**Given entries**
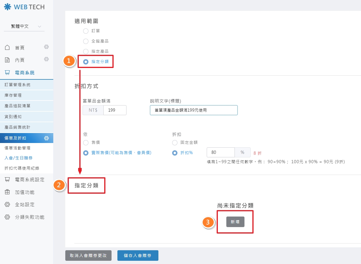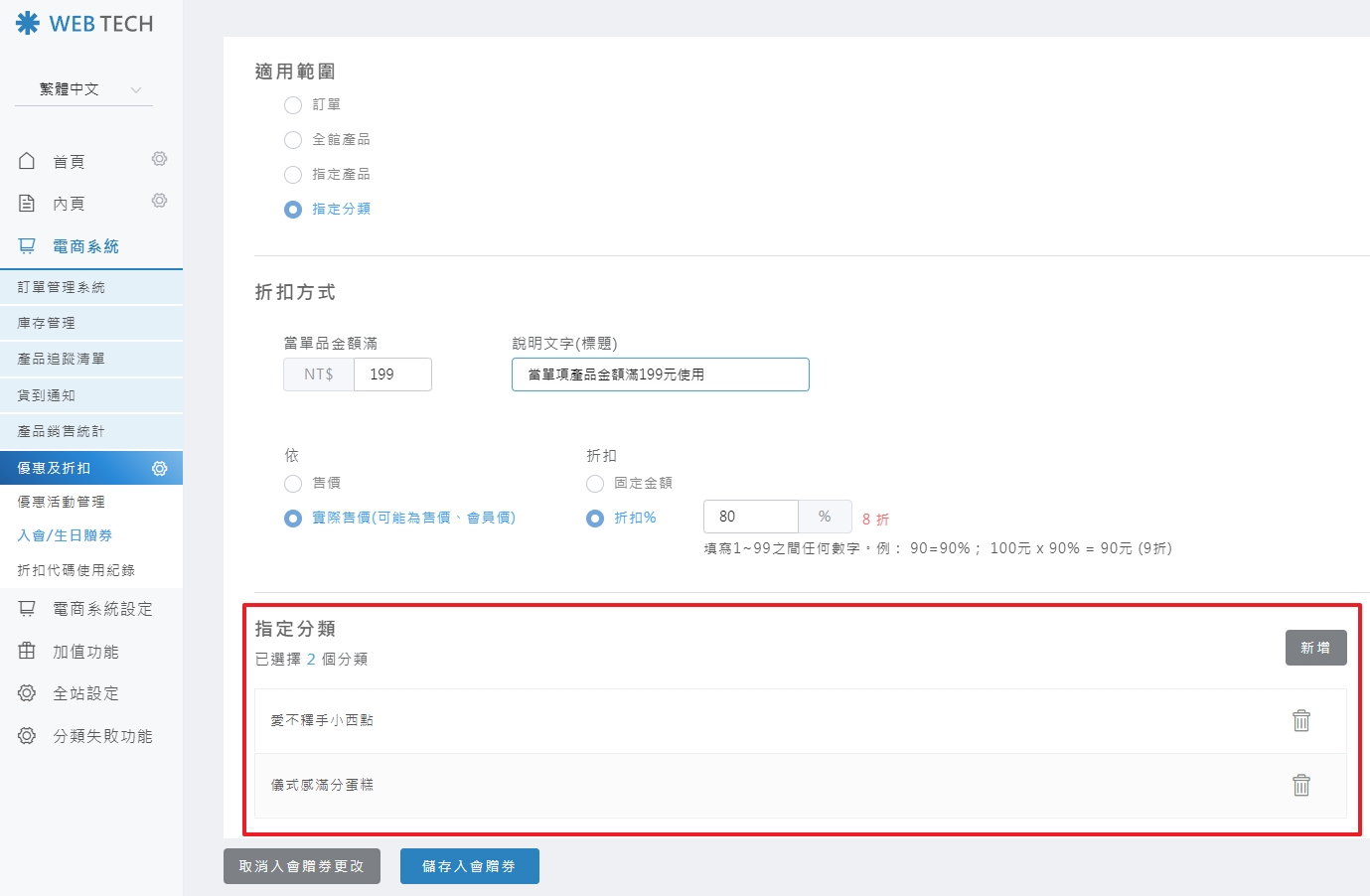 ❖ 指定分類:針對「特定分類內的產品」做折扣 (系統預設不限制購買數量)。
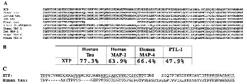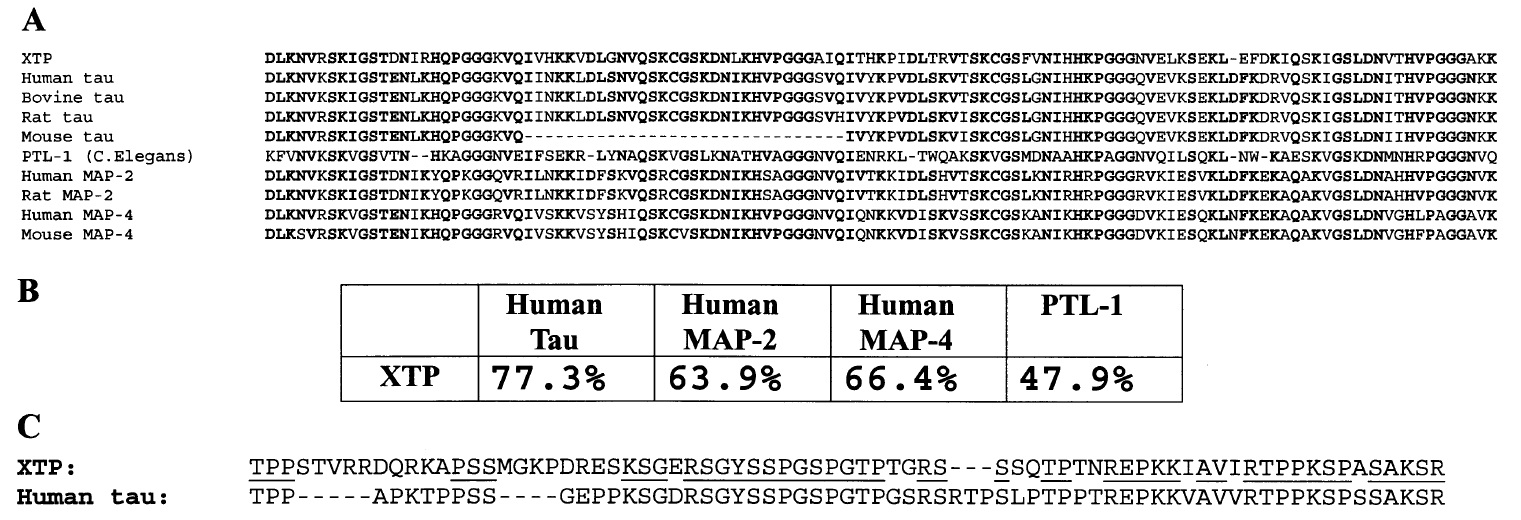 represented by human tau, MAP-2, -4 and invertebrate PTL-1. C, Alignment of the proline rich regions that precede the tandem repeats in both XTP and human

==

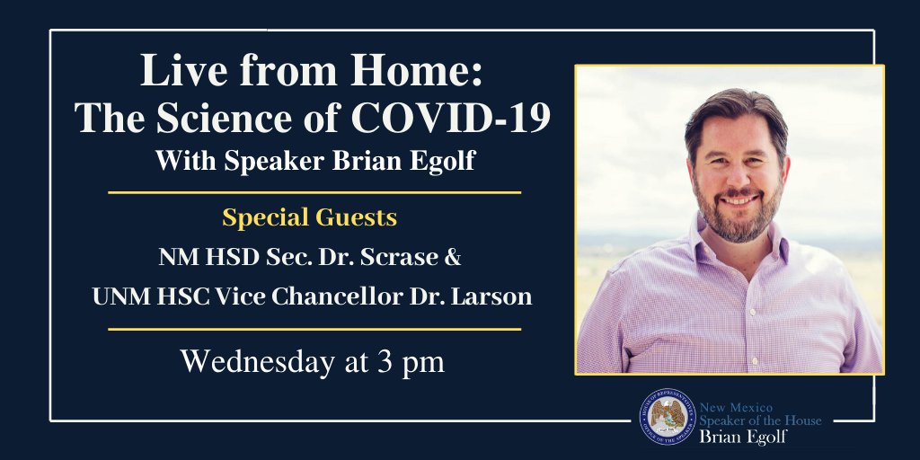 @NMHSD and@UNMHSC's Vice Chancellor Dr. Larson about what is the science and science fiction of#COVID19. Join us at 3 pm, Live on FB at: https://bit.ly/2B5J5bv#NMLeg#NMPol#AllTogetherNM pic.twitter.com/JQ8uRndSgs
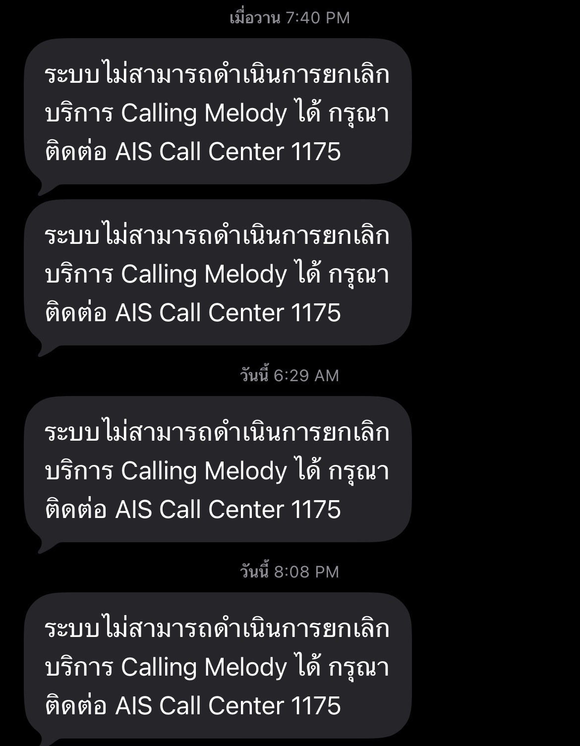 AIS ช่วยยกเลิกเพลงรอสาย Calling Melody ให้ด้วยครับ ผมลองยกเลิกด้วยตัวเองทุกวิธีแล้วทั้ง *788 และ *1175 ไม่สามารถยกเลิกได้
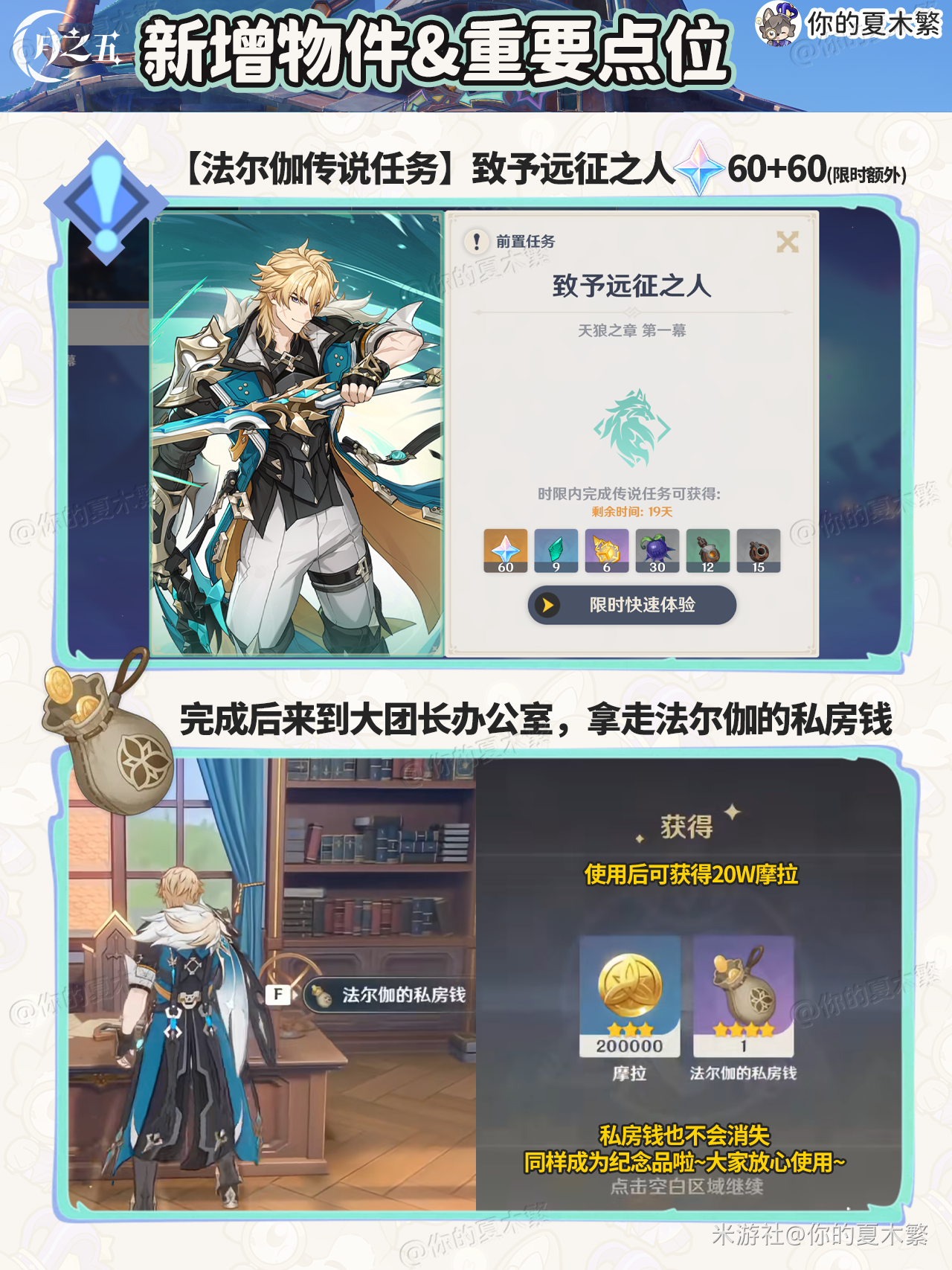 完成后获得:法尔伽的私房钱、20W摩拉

---

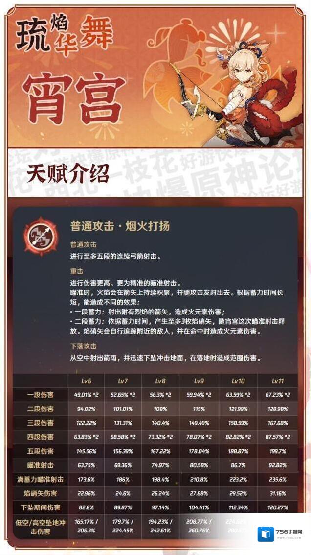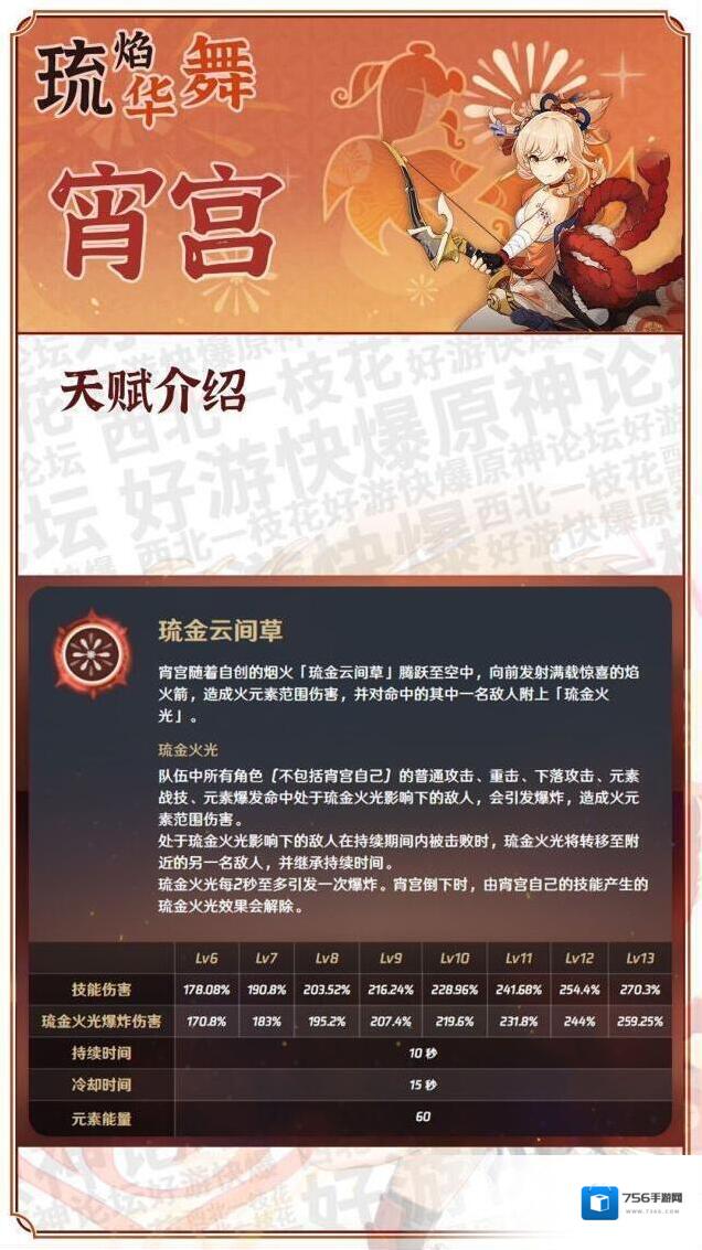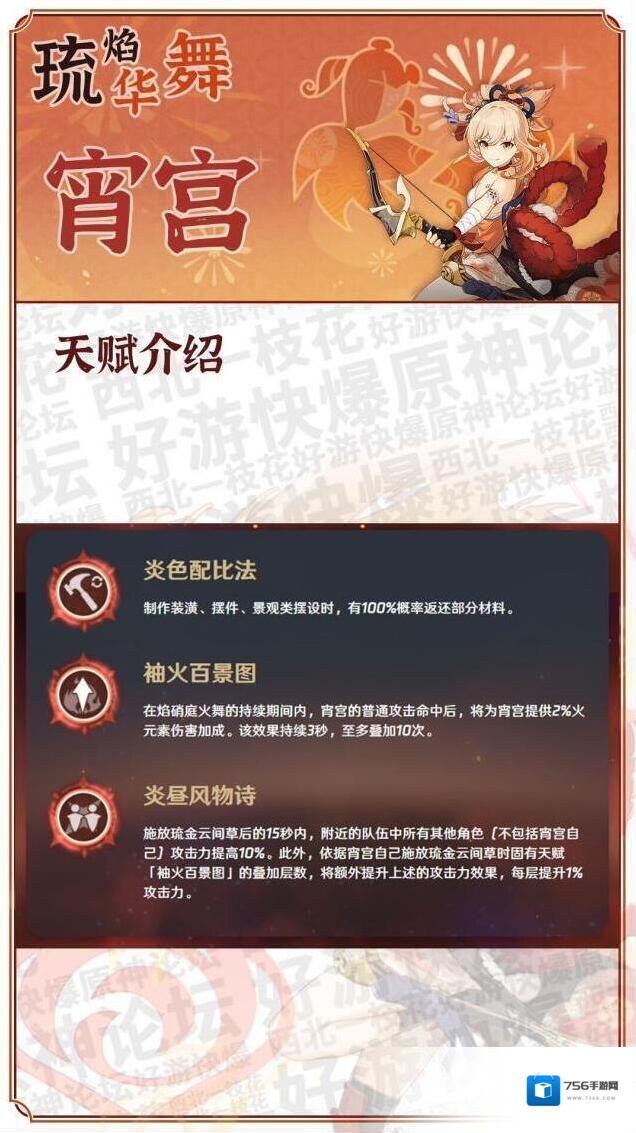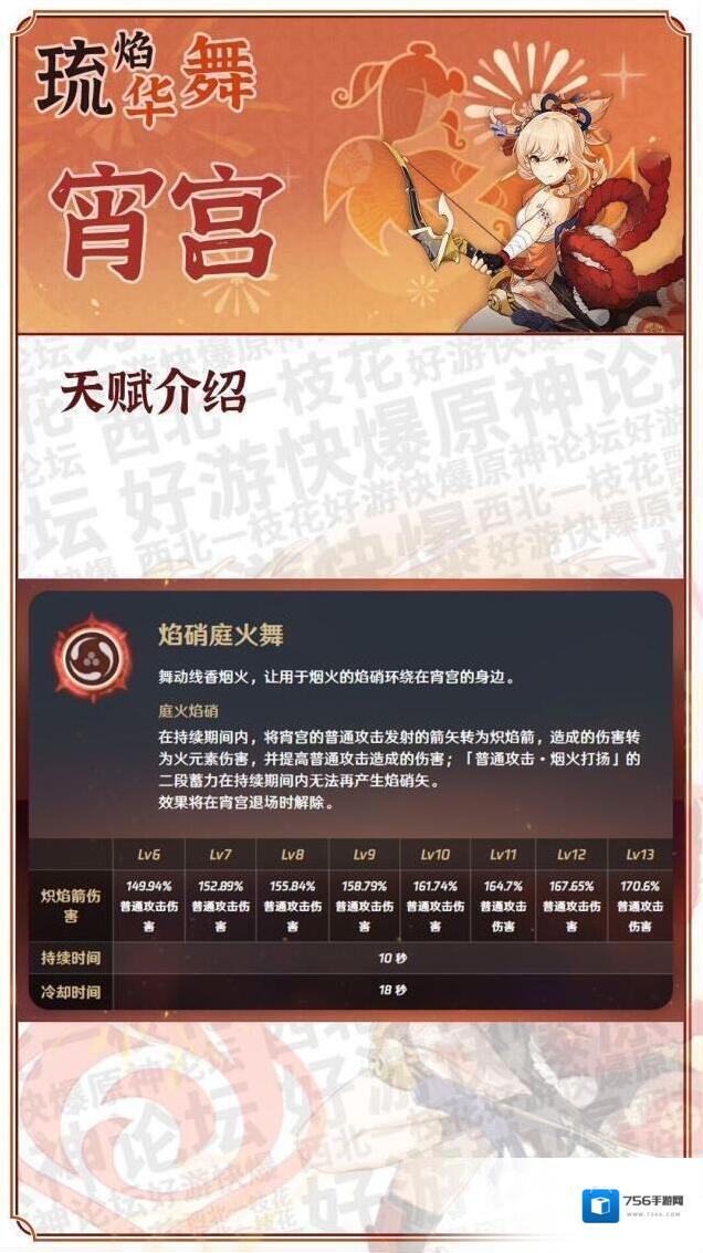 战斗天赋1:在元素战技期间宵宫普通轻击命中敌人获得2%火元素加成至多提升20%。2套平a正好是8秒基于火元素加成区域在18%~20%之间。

**Problem description**
Produce an exact reproduction of the listing above, limited to the lines starting at the line with "AIS ช่วยยกเลิกเพลงรอสาย Calling" and ending at the line with "完成后获得:法尔伽的私房钱、20W摩拉", both kept, with every picture left out.

**Solved exercise**
 AIS ช่วยยกเลิกเพลงรอสาย Calling Melody ให้ด้วยครับ ผมลองยกเลิกด้วยตัวเองทุกวิธีแล้วทั้ง *788 และ *1175 ไม่สามารถยกเลิกได้
 完成后获得:法尔伽的私房钱、20W摩拉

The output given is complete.